SRI/SURGICAL EXPRESS, INC. 2009 STOCK COMPENSATION PLAN, Parties: sri surgical express inc
50 of the Top 250 law firms use our Products every day

EXHIBIT 10.1

SRI/SURGICAL EXPRESS, INC.

2009 STOCK COMPENSATION PLAN

SRI/Surgical Express, Inc. establishes the following 2009 Stock Compensation Plan for the exclusive benefit of its eligible employees and non-employee Directors:

ARTICLE I

PURPOSE AND INTERPRETATION

1.1 PURPOSE . The purpose of this Plan is to further the interests of the Company, its Subsidiaries (if any), and its shareholders by providing incentives in the form of Stock Options and Restricted Stock grants to key employees and non-employee Directors who contribute materially to the success and profitability of the Company. The Plan is intended to enable the Company to attract and retain key employees and non-employee Directors, to reward outstanding individual contributions, and to give selected key employees and non-employee Directors an interest in the Company parallel to that of its shareholders, thus enhancing their proprietary interest in the Company’s continued success and progress.
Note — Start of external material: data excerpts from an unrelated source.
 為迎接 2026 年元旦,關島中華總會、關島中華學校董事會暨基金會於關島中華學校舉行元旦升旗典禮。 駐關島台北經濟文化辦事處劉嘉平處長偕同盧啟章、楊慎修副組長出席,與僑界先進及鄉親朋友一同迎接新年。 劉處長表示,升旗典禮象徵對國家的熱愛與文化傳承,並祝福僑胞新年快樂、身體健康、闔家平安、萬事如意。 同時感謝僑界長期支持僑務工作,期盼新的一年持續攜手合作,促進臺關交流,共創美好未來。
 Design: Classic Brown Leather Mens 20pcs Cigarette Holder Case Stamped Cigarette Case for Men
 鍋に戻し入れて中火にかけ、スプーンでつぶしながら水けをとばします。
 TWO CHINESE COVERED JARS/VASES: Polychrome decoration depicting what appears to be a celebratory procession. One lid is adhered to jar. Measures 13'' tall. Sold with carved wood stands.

1.2 DEFINITIONS . As used in this Plan, the following capitalized terms have the respective definitions attributed to them:

“ADMINISTRATIVE COMMITTEE” means the Board of Directors or any Board Committee to whom the Board of Directors has delegated the administration of this Plan pursuant to Section 2.1. However, with respect to any Award granted to a non-employee Director, “ Administrative Committee ” means the Board of Directors.
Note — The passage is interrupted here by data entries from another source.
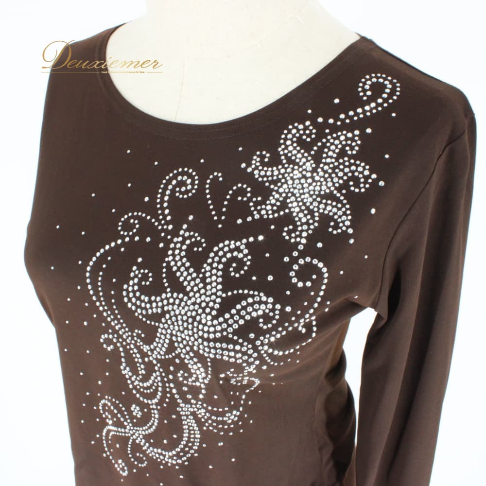 社交ダンス 衣装 Leirena レイリーナ ツーピース レッスンウェア ブラウン系 茶色 ラインストーン スタンダード セットアップ 上下セット トップス スカート ステージ衣装 発表会 上品 大人っぽい きれいめ 華やか エレガント 長袖 フォーマル シック
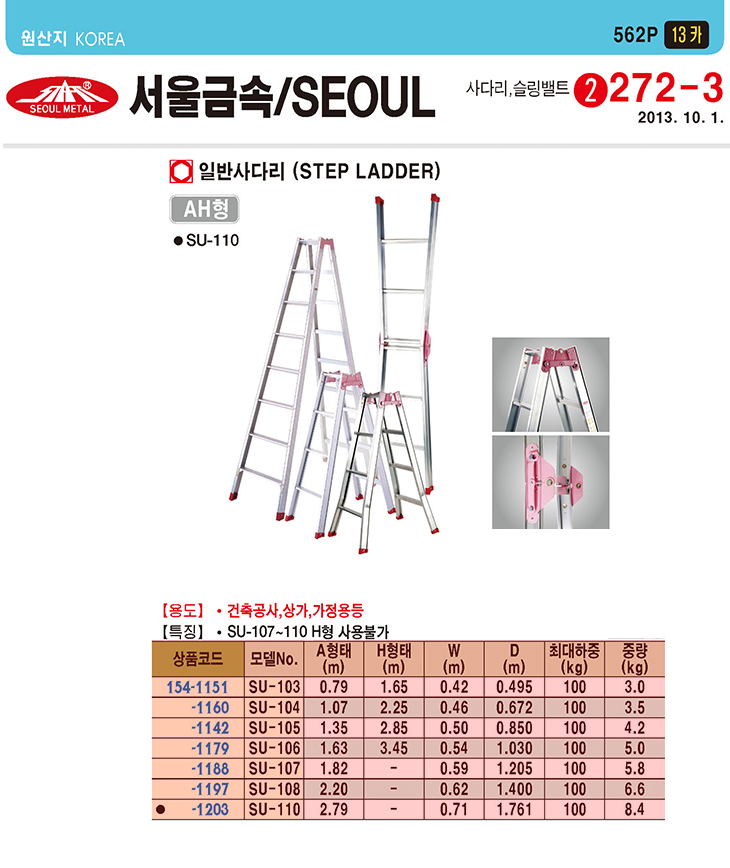 [SG]AÇü ÀϹݻç´Ù¸®(SU-110,10´Ü,AÇüÅÂ2.79¹ÌÅÍ)(Step Ladder for multi purpose)
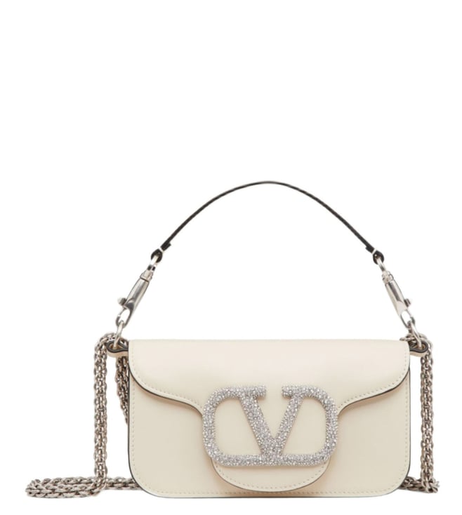 White Quiltie 67 White Crossbody Bag With Vlogo Plaque On The Front And Diamond Quilted Design In
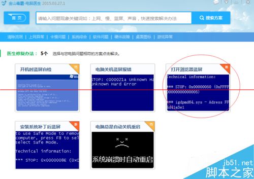 我電腦裝了i,e10.用了幾次后就藍屏,一打開就藍屏。通過金山安全衛士修好了。
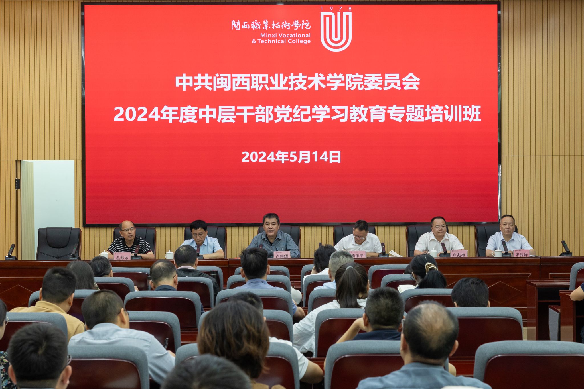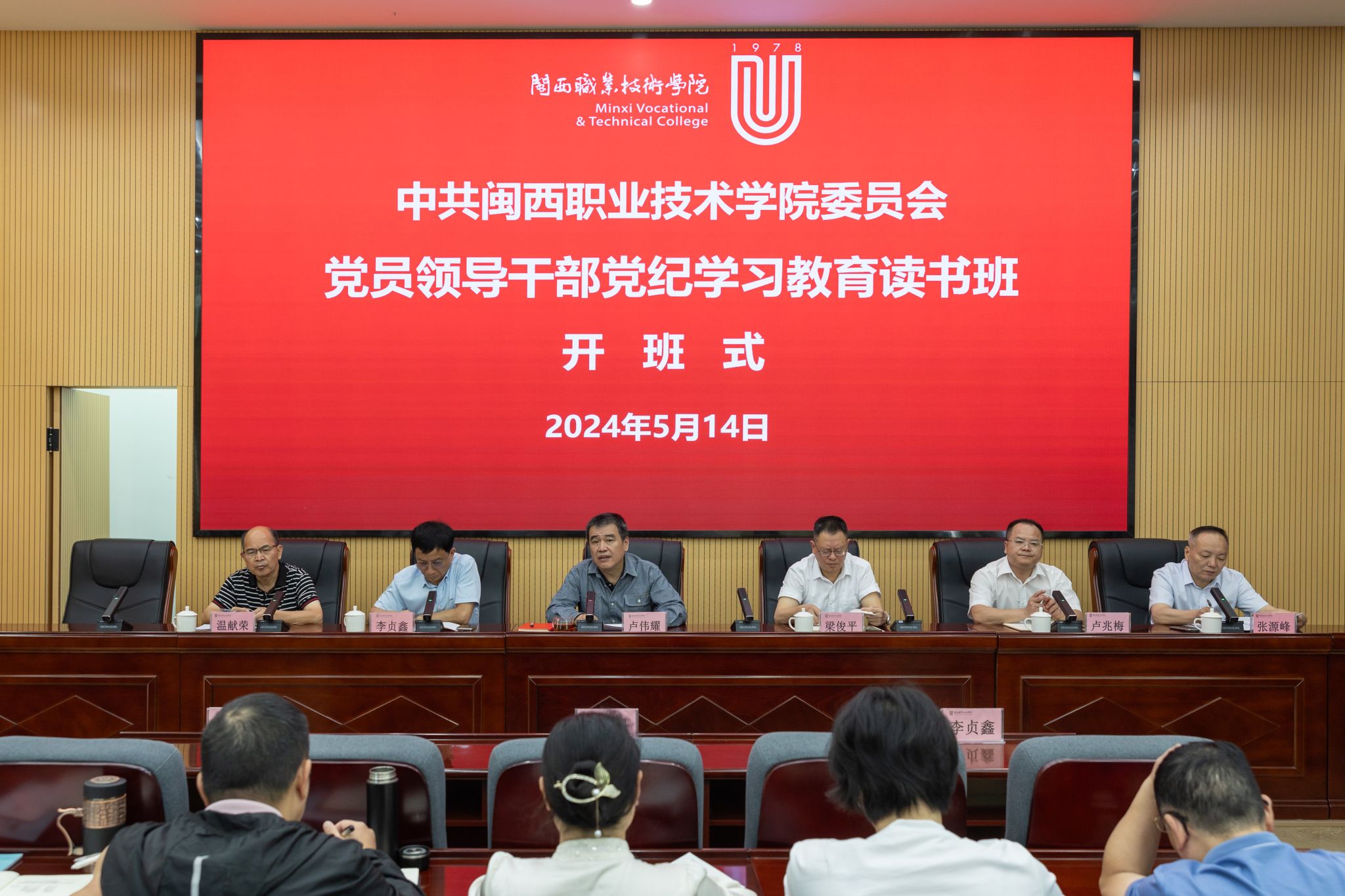 5月14日上午,MG冰球党员领导干部党纪学习教育读书班在协成楼二楼第一会议室开班。校党委书记卢伟耀在开班式上作动员讲话,校领导出席开班式。

“AFFILIATE” means a Subsidiary, a parent corporation of the Company, or a corporation of which 50% or more of the total combined voting power of all classes of its stock is owned directly or indirectly by a parent corporation of the Company.

“AWARD” means, individually or collectively, a grant under this Plan of Restricted Stock or Stock Options.

“BOARD OF DIRECTORS” means the Board of Directors of the Company.

“BOARD COMMITTEE” means a committee consisting of two or more directors who are appointed by the Board of Directors of the Company.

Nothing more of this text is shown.